New diagnostic methods
Current diagnostic guidelines are not up to date with the advances in knowledge and growing awareness of what was once believed to be a rare disease. While the Leipzig scoring algorithm and its successors have utility for identifying phenotypic features that suggest WD, advances in technology have made it easier and more affordable to confirm the diagnosis. Several new diagnostic tools have emerged as potentially useful options for clinicians. The exchangeable copper (CuEXC) assay biomarker allows for calculation of a ratio between CuEXC (which is postulated to represent copper bound to albumin) and total serum copper, providing information on labile or free serum copper. This diagnostic shows promise, with higher sensitivity and specificity for WD diagnosis [28]. Such tests are becoming increasingly cheaper, faster, and more accurate.
Ophthalmologic detection of KF rings, classically found via slit-lamp, may be enhanced by alternative tools such as Scheimpflug imaging and anterior-segment optical coherence tomography, which, in conjunction with slit-lamp examination, may allow for improved quantification of these KF rings [29,30].

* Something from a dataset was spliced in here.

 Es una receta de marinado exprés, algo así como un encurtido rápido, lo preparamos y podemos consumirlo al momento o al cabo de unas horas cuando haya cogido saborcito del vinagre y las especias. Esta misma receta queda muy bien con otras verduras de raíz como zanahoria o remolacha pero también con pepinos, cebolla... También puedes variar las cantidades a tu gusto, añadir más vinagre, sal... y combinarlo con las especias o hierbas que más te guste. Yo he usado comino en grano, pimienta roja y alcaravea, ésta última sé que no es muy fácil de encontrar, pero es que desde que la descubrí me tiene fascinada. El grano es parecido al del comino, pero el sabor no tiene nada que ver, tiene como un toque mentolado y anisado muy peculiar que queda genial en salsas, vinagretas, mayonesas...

Next-generation sequencing
Current innovations now allow for speedy and accurate diagnosis, namely, next-generation sequencing. This might be applied for rapid genetic analysis of the 21 exons coding ATP7B. It may be especially useful for diagnosing WD in the setting of acute liver failure, where biomarkers such as urinary copper have little utility [31]. One study in France found that 98% of patients with known WD have at least two mutations to the ATP7B gene [21]. With next-generation sequencing, molecular analysis has become more accessible and may act as a more rapid confirmatory test, initiating proper treatment.

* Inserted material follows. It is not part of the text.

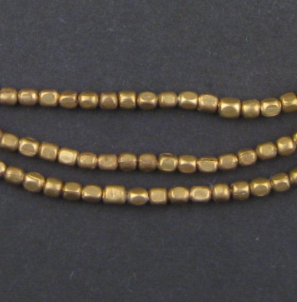 Beautiful strand of high quality, ethnic brass beads measuring 24" in length. Individual beads measure approximately 2.8mm wide by 2.3mm in diameter, with holes measuring 1mm. Each strand includes approximately 205 beads. These highly versatile beads make great spacers, or may be used to accent your unique beaded designs.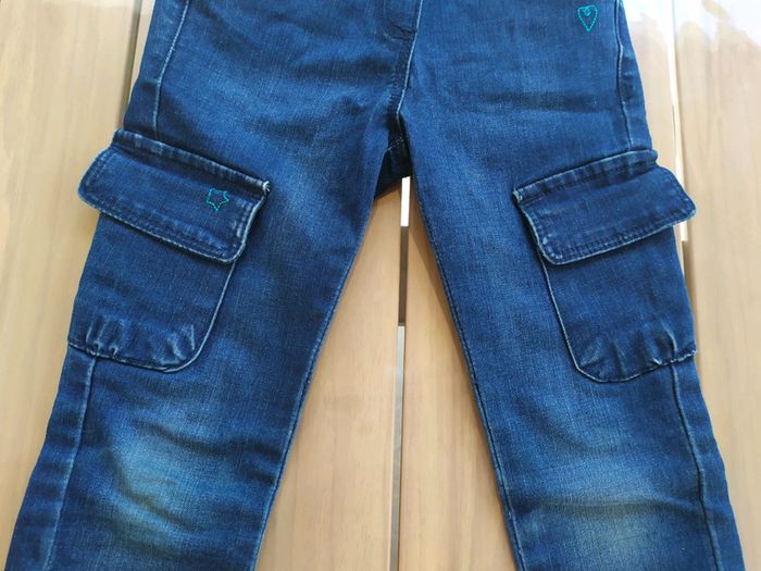 Joli jean bleu marine épais. Taille élastique réglable à l'intérieur + 1 bouton pression. 2 poches devant + 2 poches à rabat sur les jambes + 2 poches arrière. Motifs bleu clair brodés au niveau des poches devant. Passants pour ceinture.

There is growing discussion of an epigenetic component to WD, which may help explain differing phenotypes, even among those with the same disease-causing mutation [32]. A number of modifier genes have been proposed as contributors to WD [19,32]. Next-generation sequencing methods, such as bisulfite conversion, are used to measure DNA methylation and may be a path toward identifying epigenetic modification to the culprit ATP7B and modifier genes [19]. Such studies could elucidate a clearer genotype-phenotype relationship in WD. They may also aid in screening at-risk family members and determining the need for aggressive treatment measures.
CRISPR-Cas diagnostics
CRISPR-Cas diagnostics is also suggested as a quick and reliable diagnostic tool for WD [33]. While its use is limited by the large number of ATP7B mutation variants, its portability and relative cost-effectiveness confer access advantages, and it may become useful in testing for more common gene variants [33].
Conclusions
At present, our diagnostic toolbox for WD lacks certainty. As new laboratory tests and technological advances surface and become more readily available, we should investigate their practicality for incorporation into clinical practice. Future WD diagnosis should consider more heavier reliance upon such molecular tests to expedite diagnosis and improve patient outcomes. Given the importance of decisive and early diagnosis on clinical patient outcomes, our case demonstrates the need for critical re-evaluation of the WD diagnostic criteria.